— Required action —
When the line containing "1、在主界面点击右上角的对应" is found in the data below, copy it and each line after it through the line containing "Аккумулятор бытовой Ergolux", exactly and with no others.

(Records from a dataset)
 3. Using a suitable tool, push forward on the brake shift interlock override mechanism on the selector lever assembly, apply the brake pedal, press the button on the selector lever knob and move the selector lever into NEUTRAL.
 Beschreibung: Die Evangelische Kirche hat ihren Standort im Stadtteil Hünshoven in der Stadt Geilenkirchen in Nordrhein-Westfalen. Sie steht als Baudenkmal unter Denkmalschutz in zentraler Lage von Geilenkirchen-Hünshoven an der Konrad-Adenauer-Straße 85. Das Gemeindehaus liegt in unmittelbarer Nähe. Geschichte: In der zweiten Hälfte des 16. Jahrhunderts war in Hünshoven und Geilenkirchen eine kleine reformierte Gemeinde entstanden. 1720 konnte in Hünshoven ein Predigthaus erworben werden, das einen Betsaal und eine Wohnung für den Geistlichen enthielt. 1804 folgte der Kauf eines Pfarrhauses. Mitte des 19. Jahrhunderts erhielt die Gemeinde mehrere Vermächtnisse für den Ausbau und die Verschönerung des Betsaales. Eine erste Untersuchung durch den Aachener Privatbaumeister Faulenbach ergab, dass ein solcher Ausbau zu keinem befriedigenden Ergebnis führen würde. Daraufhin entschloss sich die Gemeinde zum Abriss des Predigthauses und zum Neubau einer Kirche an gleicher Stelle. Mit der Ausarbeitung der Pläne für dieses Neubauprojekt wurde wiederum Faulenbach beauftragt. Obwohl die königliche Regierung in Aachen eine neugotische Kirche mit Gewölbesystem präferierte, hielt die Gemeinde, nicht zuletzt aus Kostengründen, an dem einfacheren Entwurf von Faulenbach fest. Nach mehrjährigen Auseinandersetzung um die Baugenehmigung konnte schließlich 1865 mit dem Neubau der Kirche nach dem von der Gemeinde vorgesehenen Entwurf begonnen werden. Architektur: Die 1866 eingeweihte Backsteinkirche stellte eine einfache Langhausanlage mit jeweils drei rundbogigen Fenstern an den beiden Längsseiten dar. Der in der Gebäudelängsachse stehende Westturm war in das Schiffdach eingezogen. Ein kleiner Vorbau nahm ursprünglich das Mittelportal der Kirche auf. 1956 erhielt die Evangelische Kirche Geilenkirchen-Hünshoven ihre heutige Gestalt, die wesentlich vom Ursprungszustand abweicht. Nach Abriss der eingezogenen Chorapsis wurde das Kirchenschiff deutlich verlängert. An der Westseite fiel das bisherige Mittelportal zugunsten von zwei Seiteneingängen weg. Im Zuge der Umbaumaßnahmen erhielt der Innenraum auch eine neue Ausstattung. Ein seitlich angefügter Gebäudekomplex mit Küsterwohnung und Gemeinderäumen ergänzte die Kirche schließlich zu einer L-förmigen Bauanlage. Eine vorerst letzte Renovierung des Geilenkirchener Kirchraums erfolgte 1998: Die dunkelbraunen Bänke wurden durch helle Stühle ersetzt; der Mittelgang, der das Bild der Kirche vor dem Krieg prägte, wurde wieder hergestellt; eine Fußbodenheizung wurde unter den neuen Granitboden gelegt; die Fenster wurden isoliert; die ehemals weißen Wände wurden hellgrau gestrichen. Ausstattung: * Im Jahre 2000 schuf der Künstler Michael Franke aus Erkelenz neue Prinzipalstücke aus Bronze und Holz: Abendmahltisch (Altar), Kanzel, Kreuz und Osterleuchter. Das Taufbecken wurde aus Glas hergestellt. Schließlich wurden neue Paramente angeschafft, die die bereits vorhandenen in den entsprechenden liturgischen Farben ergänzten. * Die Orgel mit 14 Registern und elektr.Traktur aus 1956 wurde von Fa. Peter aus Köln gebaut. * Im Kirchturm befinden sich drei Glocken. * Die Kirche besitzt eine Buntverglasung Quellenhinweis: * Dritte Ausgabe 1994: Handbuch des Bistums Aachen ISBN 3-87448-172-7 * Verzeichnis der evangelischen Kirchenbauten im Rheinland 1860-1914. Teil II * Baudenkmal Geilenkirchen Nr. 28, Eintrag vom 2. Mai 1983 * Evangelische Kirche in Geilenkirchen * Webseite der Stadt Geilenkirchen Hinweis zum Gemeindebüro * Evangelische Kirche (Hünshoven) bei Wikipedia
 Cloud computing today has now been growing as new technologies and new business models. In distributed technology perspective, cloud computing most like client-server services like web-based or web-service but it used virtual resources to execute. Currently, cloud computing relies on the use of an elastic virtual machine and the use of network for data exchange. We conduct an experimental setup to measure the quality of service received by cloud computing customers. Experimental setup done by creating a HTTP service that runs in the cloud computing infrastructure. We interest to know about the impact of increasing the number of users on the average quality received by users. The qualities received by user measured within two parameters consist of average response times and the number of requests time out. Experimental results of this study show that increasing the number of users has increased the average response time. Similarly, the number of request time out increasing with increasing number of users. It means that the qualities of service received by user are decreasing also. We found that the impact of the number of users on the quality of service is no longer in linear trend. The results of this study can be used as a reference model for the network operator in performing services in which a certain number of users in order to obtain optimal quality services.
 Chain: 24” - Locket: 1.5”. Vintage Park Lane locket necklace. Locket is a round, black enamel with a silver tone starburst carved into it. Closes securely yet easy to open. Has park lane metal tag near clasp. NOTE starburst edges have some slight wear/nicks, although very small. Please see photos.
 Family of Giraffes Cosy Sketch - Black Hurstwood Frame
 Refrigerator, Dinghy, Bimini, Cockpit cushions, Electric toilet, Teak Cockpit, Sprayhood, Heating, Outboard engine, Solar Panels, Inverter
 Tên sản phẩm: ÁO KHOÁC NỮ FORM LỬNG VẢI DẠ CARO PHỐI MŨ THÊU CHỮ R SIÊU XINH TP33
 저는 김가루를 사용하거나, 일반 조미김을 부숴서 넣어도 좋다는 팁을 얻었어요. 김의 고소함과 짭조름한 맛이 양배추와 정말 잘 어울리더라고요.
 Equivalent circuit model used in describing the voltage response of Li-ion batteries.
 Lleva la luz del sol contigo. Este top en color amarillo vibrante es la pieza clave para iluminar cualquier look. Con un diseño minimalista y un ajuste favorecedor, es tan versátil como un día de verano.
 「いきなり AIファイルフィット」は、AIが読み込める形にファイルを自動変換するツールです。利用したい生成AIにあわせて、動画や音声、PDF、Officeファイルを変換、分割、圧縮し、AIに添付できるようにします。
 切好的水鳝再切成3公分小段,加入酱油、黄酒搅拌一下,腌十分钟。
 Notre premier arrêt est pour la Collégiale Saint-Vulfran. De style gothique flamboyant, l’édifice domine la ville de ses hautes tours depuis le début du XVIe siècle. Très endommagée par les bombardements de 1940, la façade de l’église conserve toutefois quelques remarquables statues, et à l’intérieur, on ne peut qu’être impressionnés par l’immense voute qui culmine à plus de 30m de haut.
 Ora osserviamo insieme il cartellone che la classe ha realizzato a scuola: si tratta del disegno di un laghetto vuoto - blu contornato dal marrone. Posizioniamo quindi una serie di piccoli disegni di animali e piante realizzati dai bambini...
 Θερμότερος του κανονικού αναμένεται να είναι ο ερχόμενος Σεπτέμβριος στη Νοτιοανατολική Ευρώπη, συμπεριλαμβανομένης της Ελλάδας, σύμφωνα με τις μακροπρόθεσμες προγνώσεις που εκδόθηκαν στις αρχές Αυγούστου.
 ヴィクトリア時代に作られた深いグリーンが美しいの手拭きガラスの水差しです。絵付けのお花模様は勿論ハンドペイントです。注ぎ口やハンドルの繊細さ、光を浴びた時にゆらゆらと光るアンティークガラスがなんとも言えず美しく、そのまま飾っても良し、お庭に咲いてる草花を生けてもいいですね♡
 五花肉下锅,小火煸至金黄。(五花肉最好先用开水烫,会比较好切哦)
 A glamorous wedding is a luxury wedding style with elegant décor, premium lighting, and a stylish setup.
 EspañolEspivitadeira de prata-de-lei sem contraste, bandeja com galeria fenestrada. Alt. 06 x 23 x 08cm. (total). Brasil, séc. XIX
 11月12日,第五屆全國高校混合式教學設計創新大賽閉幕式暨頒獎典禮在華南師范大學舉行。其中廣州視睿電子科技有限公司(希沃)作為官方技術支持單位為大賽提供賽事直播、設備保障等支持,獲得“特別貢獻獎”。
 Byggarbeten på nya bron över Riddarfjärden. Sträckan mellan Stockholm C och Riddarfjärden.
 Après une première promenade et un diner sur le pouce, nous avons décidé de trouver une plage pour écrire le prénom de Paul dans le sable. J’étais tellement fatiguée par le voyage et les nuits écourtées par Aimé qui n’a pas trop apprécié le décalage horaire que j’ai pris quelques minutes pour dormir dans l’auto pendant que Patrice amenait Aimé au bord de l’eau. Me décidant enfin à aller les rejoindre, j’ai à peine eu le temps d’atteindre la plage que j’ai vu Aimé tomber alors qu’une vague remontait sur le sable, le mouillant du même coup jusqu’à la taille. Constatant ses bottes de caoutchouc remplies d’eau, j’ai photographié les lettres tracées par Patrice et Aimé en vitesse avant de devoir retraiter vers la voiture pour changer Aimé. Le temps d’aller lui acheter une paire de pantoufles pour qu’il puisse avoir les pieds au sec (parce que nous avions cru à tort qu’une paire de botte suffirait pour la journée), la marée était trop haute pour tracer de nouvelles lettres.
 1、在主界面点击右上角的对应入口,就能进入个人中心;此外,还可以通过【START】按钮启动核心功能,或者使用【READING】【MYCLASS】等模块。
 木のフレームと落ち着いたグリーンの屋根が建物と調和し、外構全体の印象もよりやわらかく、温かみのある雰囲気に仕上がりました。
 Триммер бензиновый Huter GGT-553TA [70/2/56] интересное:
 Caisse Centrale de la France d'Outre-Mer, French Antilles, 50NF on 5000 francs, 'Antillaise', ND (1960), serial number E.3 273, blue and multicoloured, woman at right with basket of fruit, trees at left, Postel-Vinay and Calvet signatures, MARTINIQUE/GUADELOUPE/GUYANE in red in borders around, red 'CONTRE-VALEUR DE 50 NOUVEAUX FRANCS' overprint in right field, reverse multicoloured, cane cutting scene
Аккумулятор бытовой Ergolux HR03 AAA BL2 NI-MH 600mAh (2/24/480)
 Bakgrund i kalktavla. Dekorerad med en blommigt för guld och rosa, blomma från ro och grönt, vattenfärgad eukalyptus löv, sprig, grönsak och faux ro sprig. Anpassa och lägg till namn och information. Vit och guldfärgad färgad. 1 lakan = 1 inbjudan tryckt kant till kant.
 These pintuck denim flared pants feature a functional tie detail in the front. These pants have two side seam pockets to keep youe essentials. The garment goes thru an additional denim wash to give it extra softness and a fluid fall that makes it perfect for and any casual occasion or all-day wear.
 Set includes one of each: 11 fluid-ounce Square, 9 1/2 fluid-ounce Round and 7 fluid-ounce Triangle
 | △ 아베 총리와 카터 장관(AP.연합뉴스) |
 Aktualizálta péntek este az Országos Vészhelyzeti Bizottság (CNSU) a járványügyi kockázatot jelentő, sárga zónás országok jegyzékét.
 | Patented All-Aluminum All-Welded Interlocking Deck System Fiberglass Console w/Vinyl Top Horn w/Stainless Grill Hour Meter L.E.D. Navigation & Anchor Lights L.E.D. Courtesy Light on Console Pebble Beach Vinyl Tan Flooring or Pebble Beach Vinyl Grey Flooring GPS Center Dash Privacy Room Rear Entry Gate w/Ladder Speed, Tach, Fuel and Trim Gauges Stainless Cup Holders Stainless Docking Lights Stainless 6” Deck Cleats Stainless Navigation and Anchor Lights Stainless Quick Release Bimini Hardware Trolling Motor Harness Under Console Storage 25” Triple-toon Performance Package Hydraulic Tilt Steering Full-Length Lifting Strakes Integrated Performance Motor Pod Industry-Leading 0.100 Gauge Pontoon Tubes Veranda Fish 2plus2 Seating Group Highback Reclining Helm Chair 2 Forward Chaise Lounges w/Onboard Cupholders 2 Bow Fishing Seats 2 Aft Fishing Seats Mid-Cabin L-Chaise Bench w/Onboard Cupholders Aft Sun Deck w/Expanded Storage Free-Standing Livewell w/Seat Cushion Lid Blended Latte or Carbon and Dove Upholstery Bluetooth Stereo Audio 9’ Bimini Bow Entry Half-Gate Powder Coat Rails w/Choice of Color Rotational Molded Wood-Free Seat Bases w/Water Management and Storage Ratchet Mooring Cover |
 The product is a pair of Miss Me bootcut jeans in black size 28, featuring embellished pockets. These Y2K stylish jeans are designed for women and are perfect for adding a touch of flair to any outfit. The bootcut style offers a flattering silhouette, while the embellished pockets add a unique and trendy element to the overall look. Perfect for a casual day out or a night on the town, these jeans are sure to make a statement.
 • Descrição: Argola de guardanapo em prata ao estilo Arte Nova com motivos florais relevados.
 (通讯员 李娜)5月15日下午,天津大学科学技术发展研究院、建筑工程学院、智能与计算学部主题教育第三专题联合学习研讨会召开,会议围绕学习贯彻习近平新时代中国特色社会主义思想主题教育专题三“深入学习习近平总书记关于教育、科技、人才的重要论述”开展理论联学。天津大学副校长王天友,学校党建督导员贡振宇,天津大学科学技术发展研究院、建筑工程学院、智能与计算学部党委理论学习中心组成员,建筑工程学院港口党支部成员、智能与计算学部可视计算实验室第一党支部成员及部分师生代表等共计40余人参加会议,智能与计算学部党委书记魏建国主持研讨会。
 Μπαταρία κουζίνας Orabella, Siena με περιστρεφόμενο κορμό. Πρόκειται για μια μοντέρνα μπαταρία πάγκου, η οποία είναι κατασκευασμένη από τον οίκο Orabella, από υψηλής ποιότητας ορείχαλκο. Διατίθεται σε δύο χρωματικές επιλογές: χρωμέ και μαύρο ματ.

— Output of the task —
 1、在主界面点击右上角的对应入口,就能进入个人中心;此外,还可以通过【START】按钮启动核心功能,或者使用【READING】【MYCLASS】等模块。
 木のフレームと落ち着いたグリーンの屋根が建物と調和し、外構全体の印象もよりやわらかく、温かみのある雰囲気に仕上がりました。
 Триммер бензиновый Huter GGT-553TA [70/2/56] интересное:
 Caisse Centrale de la France d'Outre-Mer, French Antilles, 50NF on 5000 francs, 'Antillaise', ND (1960), serial number E.3 273, blue and multicoloured, woman at right with basket of fruit, trees at left, Postel-Vinay and Calvet signatures, MARTINIQUE/GUADELOUPE/GUYANE in red in borders around, red 'CONTRE-VALEUR DE 50 NOUVEAUX FRANCS' overprint in right field, reverse multicoloured, cane cutting scene
Аккумулятор бытовой Ergolux HR03 AAA BL2 NI-MH 600mAh (2/24/480)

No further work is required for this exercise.